[Problem requirements]: Once the line containing "Circle Its A" appears, output it and each remaining line of the records below exactly, with no pictures and nothing more.

[Records excerpted from a collection]:

###

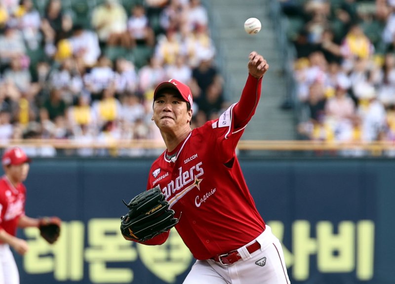 SSG 선발투수 김광현은 5이닝 동안 7피안타 무사사구 3탈삼진 3실점을 기록해 시즌 8승(9패)째를 거뒀다.
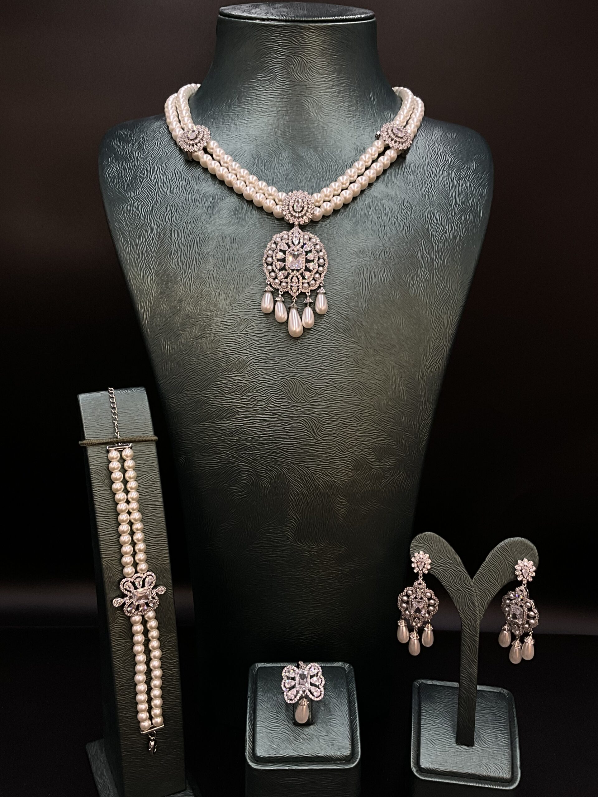 Set includes: Necklace, earrings, ring, and bracelet
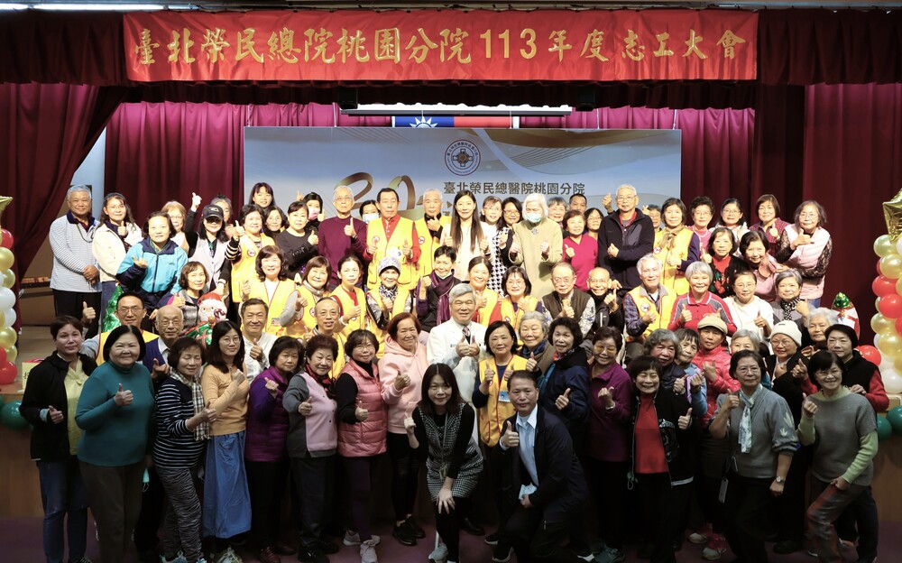 【記者徐玉英桃園報導】臺北榮民總醫院桃園分院於歲末舉辦「113年志工大會暨感恩餐會」,活動於該院行政大樓B1大禮堂熱鬧展開。大會由副院長楊斯年主持,他在致詞時高度讚揚志工們的無私奉獻與不懈努力,並向全體志工表達最深的感謝。他說:「志工是醫院最重要的夥伴,無論是在大廳、門診候診區、病房、日間照護中心,甚至於社區活動中,都能看到志工們熱心服務的身影。他們的付出不僅協助病患及家屬,更傳遞溫暖與關懷,為醫院增添了無數美好的故事。」
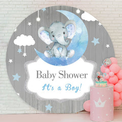 Circle Its A Boy Blue Elephant Baby Shower Backdrop
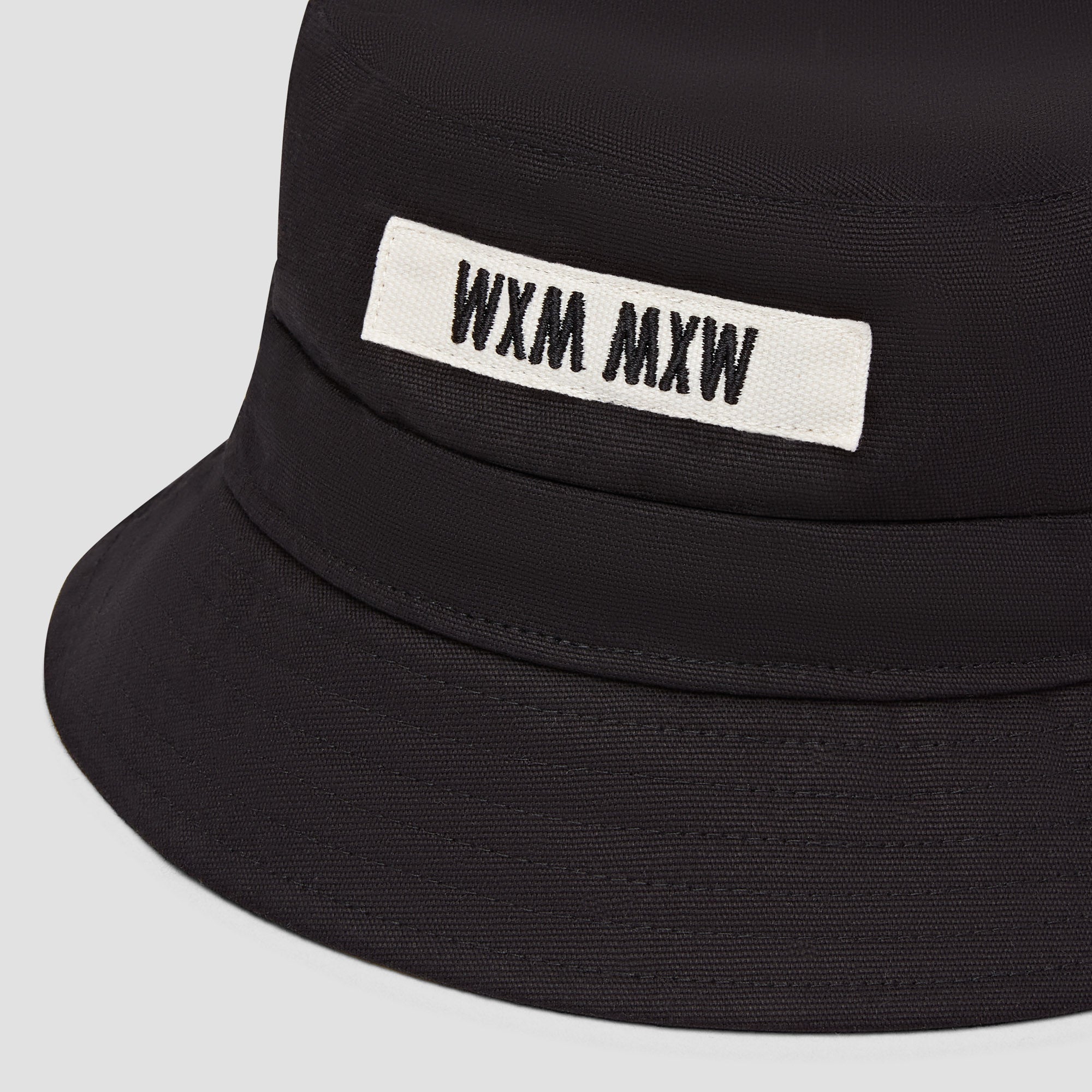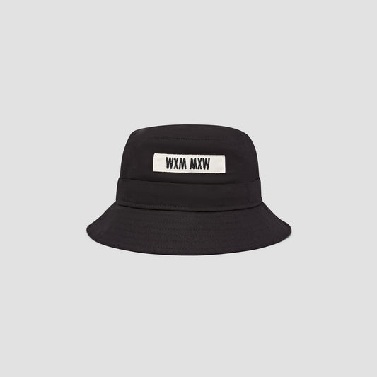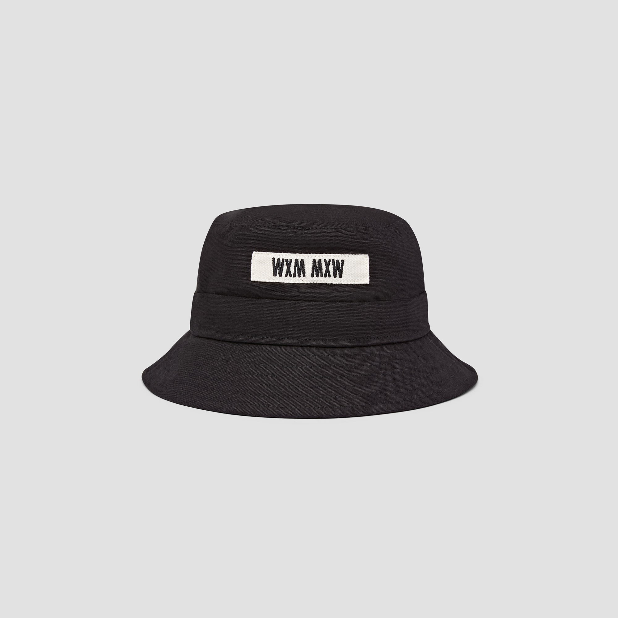 Our WXM MXW bucket hat with WXM MXW cream label to front with rear drawstring.
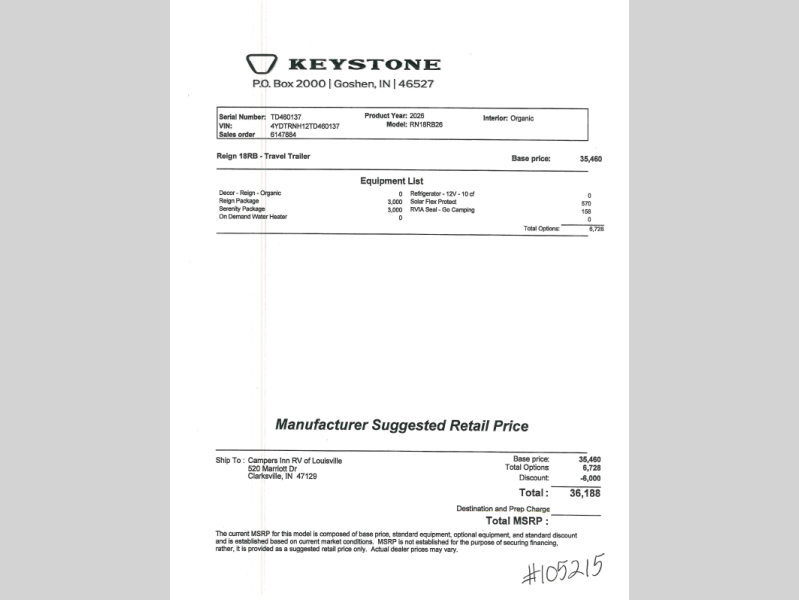 Call us today at 812 282 7718 or stop by Campers Inn RV of Louisville to tour the Keystone Reign 18RB in person

###

[Exercise output]:
 Circle Its A Boy Blue Elephant Baby Shower Backdrop
 Our WXM MXW bucket hat with WXM MXW cream label to front with rear drawstring.
 Call us today at 812 282 7718 or stop by Campers Inn RV of Louisville to tour the Keystone Reign 18RB in person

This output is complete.